Look through the entries below and copy exactly the part that begins with the line containing "Blank notebook, with" and ends with the line containing "サッカー歴:FC古河Jrユー". Do not copy the pictures.
———
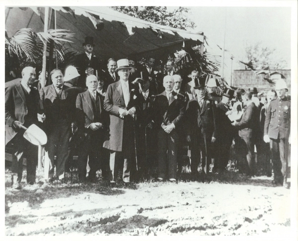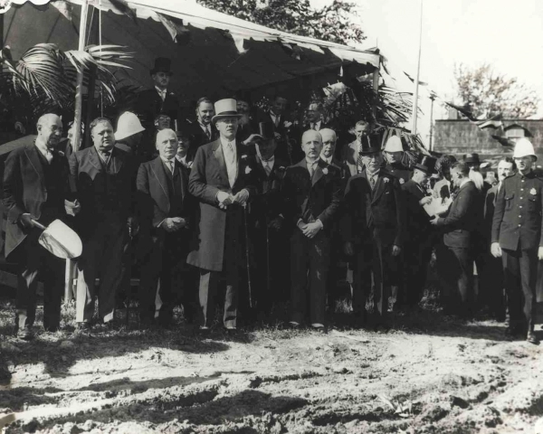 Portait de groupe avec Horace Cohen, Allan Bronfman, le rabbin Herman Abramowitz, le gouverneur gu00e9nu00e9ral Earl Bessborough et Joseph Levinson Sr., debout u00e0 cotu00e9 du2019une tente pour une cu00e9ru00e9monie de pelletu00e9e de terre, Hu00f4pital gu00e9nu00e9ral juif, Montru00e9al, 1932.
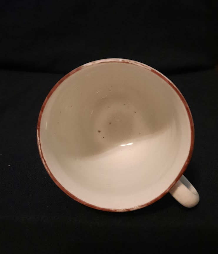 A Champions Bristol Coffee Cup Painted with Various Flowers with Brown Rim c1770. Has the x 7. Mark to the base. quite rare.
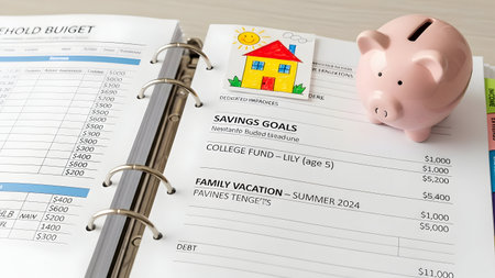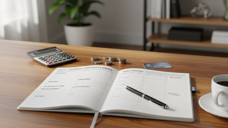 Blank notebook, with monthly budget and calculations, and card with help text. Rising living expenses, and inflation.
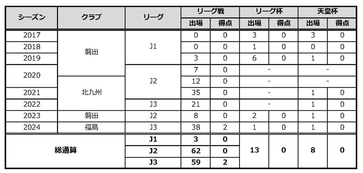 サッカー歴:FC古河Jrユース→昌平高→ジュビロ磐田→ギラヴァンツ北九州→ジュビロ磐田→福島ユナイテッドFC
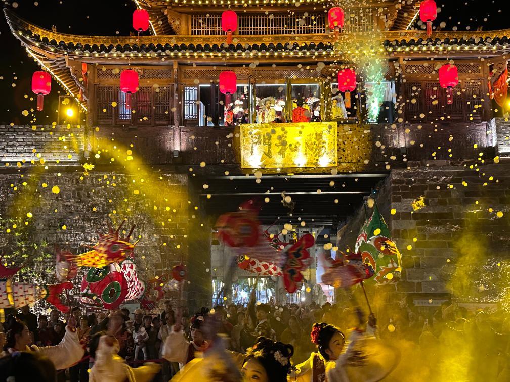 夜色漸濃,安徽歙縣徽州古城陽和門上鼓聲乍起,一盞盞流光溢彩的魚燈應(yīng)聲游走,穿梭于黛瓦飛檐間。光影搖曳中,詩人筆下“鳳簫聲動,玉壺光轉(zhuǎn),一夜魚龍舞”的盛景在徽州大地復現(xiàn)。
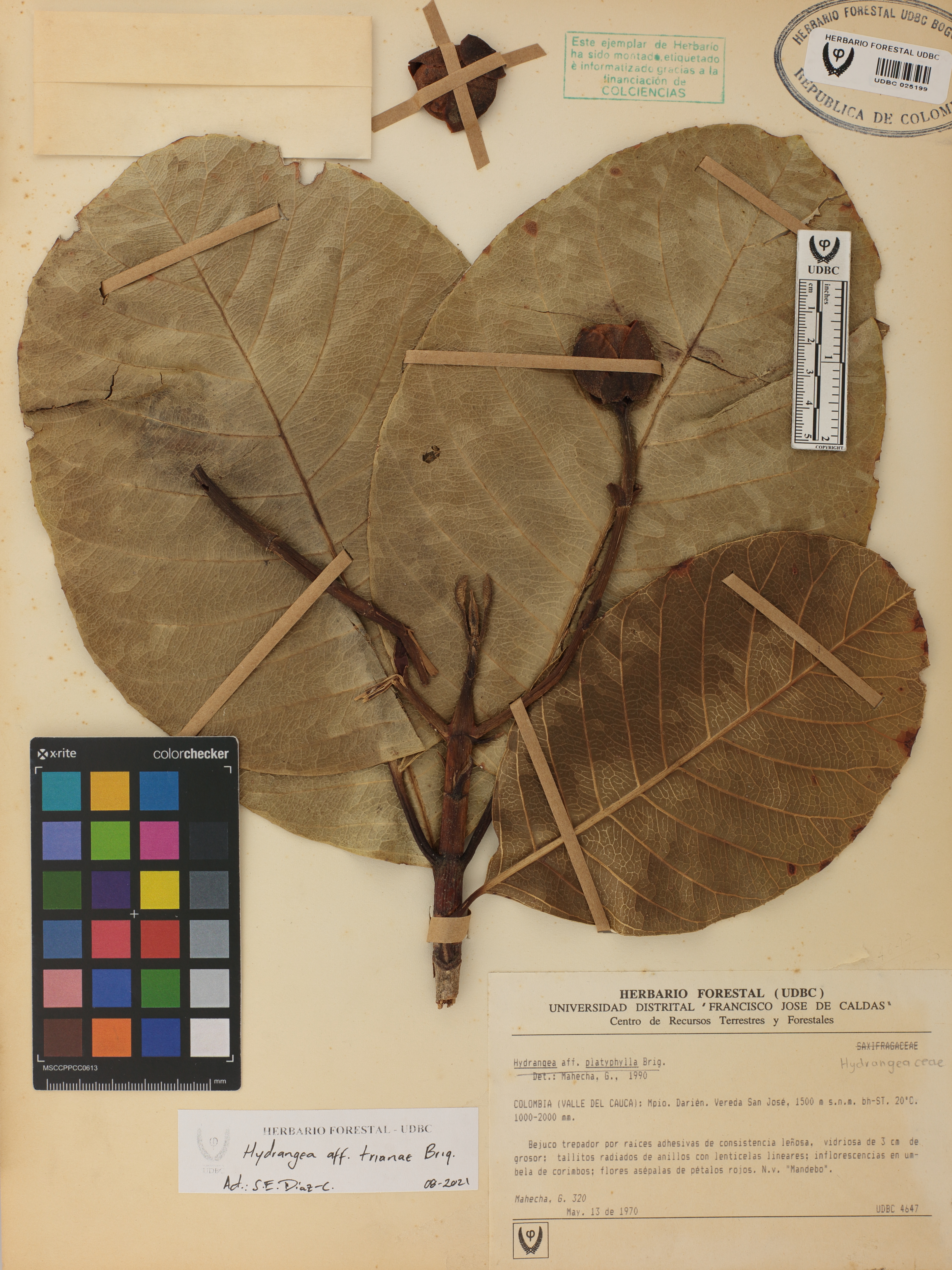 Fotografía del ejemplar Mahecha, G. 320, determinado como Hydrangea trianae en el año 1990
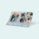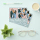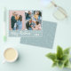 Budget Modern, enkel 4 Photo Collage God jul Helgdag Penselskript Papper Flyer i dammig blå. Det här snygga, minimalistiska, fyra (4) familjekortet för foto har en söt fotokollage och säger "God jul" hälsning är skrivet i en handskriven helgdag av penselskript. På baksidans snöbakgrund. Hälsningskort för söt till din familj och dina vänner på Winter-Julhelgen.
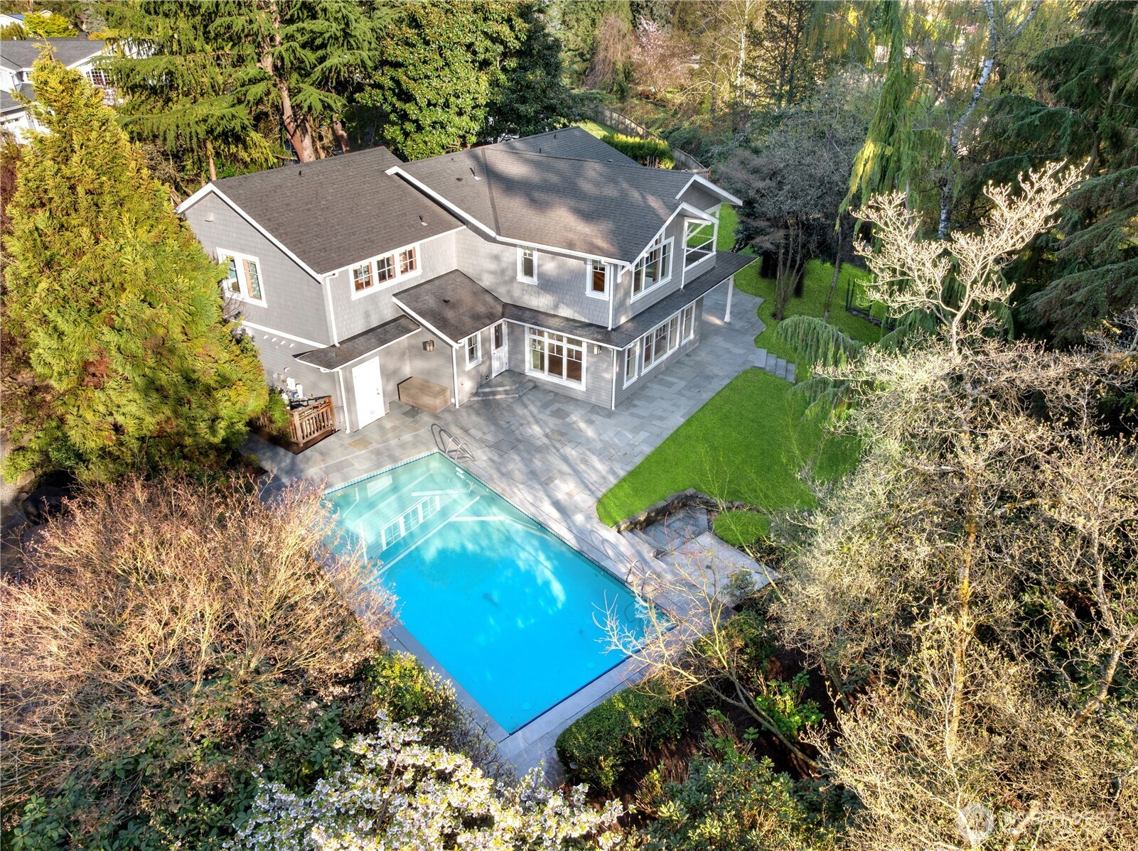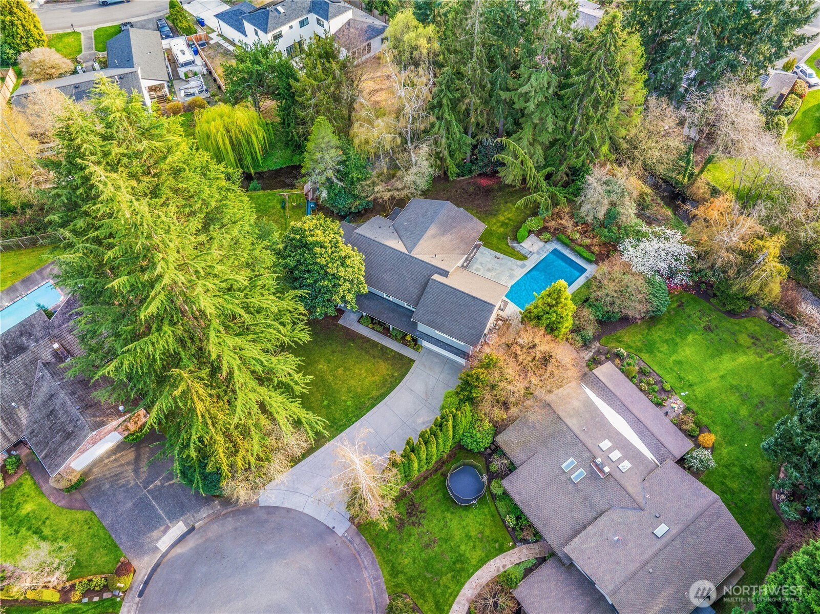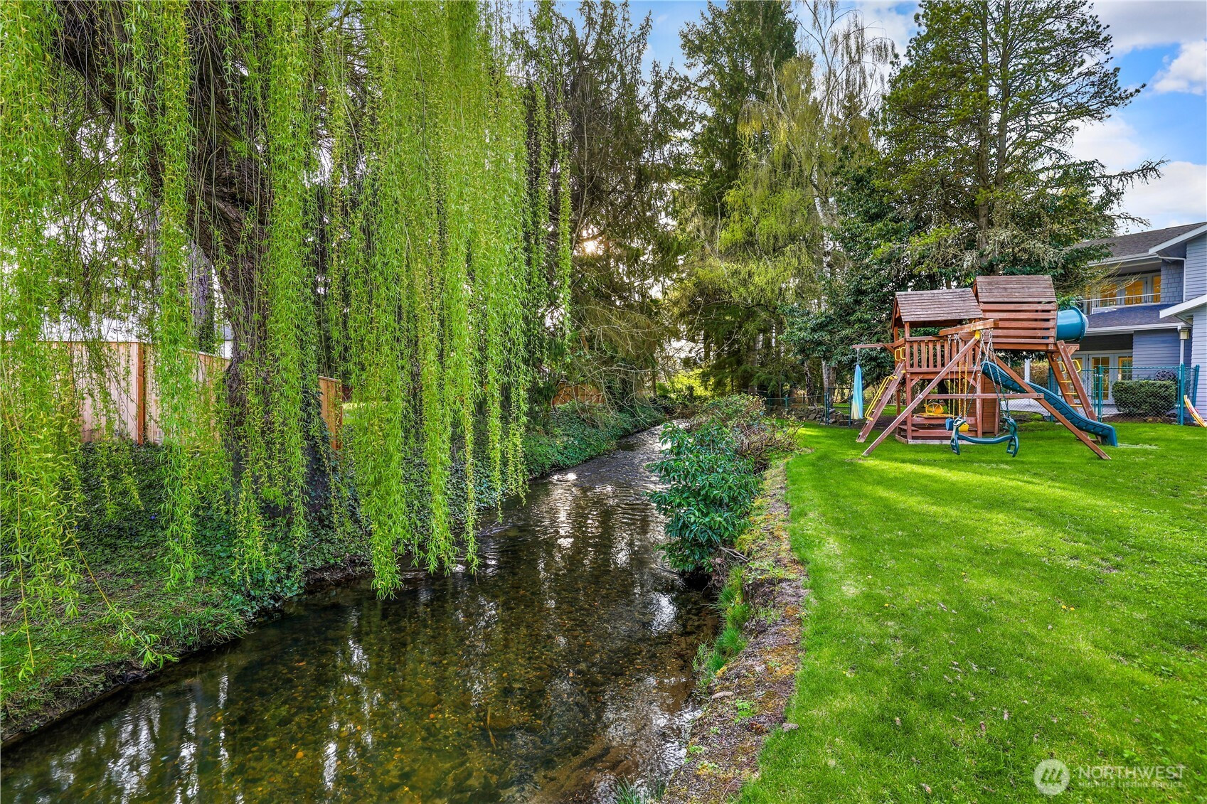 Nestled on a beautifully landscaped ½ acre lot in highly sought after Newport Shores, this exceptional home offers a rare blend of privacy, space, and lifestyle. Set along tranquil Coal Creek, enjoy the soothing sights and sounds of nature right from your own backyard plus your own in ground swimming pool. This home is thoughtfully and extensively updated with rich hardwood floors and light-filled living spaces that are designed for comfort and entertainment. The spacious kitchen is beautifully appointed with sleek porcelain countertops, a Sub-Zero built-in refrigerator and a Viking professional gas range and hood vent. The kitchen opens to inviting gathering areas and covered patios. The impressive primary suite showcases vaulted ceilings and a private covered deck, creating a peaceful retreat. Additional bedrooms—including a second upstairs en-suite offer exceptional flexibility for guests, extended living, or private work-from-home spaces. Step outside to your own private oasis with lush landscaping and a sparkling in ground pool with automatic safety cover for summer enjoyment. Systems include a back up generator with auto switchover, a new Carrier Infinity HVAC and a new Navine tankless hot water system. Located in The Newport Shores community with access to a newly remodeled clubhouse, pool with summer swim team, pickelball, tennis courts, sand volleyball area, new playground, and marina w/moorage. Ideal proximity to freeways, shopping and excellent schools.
———
- RESPONSE AREA -
 Blank notebook, with monthly budget and calculations, and card with help text. Rising living expenses, and inflation.
 サッカー歴:FC古河Jrユース→昌平高→ジュビロ磐田→ギラヴァンツ北九州→ジュビロ磐田→福島ユナイテッドFC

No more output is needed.